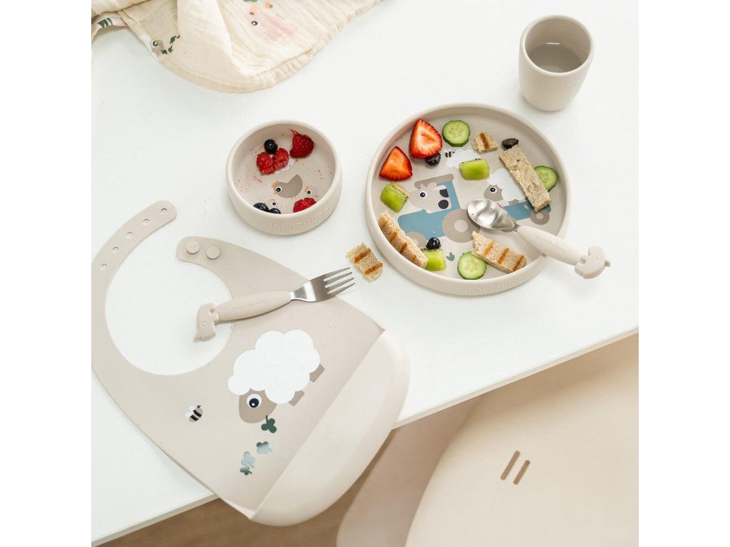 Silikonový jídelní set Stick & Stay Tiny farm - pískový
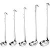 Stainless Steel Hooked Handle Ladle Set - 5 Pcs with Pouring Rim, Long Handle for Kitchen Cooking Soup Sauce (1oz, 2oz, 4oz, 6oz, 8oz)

* * * * *

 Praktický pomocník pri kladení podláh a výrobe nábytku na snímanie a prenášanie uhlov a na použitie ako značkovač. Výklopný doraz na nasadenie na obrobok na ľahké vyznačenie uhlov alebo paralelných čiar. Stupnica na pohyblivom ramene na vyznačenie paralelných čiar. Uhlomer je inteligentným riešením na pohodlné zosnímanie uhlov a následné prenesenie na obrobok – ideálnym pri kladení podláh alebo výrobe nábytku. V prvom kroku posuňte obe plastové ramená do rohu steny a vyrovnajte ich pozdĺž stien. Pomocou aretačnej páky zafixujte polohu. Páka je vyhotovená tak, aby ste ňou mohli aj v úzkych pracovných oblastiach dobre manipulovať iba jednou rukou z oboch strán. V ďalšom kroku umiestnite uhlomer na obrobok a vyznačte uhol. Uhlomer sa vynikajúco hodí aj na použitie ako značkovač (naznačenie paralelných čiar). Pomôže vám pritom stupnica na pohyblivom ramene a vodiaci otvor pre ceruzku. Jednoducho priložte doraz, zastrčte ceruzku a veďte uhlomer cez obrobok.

* * * * *

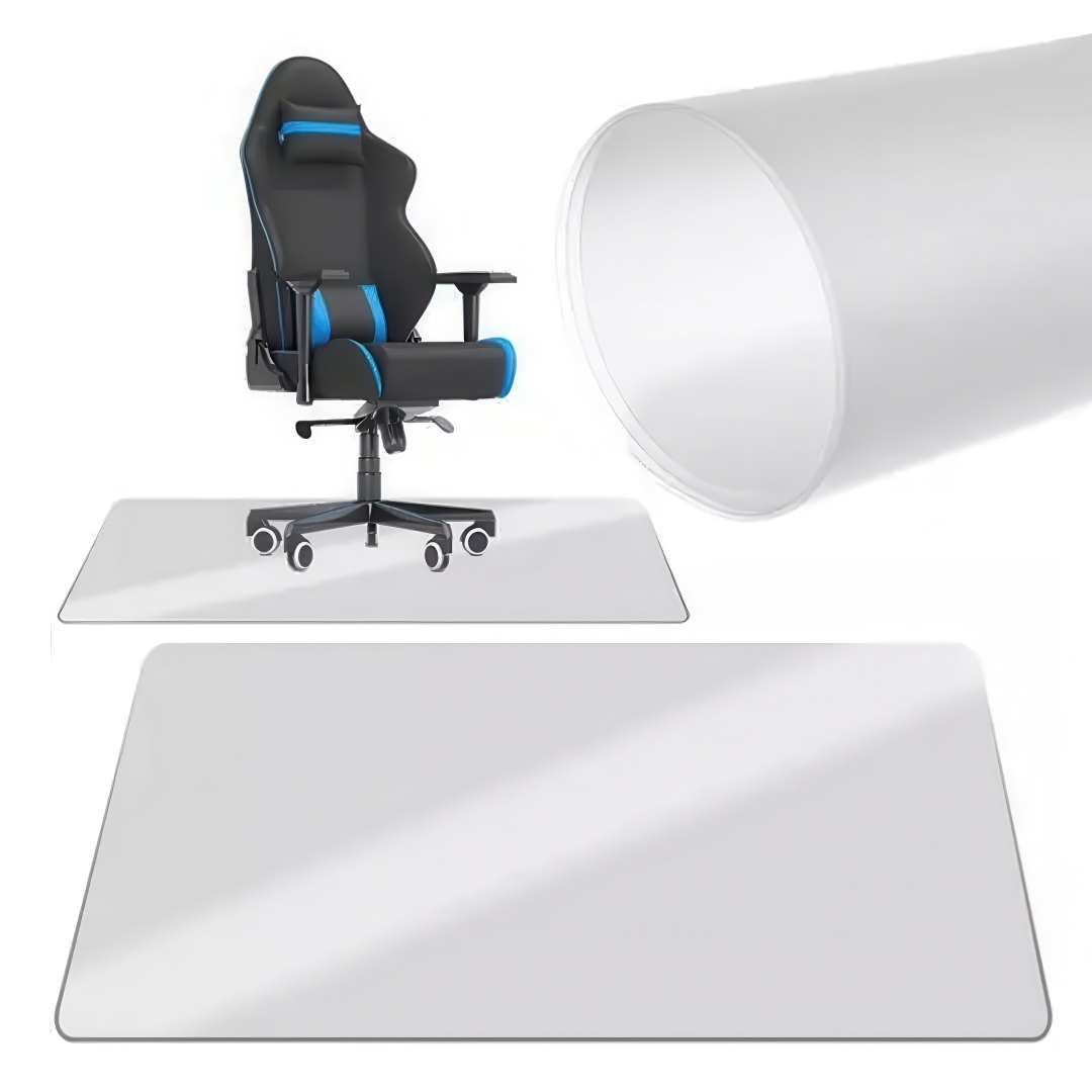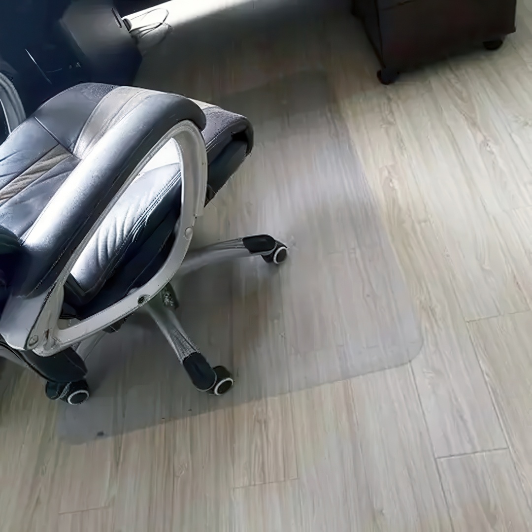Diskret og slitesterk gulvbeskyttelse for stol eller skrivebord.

* * * * *

| Aim of the exercise |
Above is the material; set down exactly its lines from the one containing "Silikonový jídelní set" down to the one containing "Stainless Steel Hooked", both included, leaving out any pictures.

| Exercise answer |
 Silikonový jídelní set Stick & Stay Tiny farm - pískový
 Stainless Steel Hooked Handle Ladle Set - 5 Pcs with Pouring Rim, Long Handle for Kitchen Cooking Soup Sauce (1oz, 2oz, 4oz, 6oz, 8oz)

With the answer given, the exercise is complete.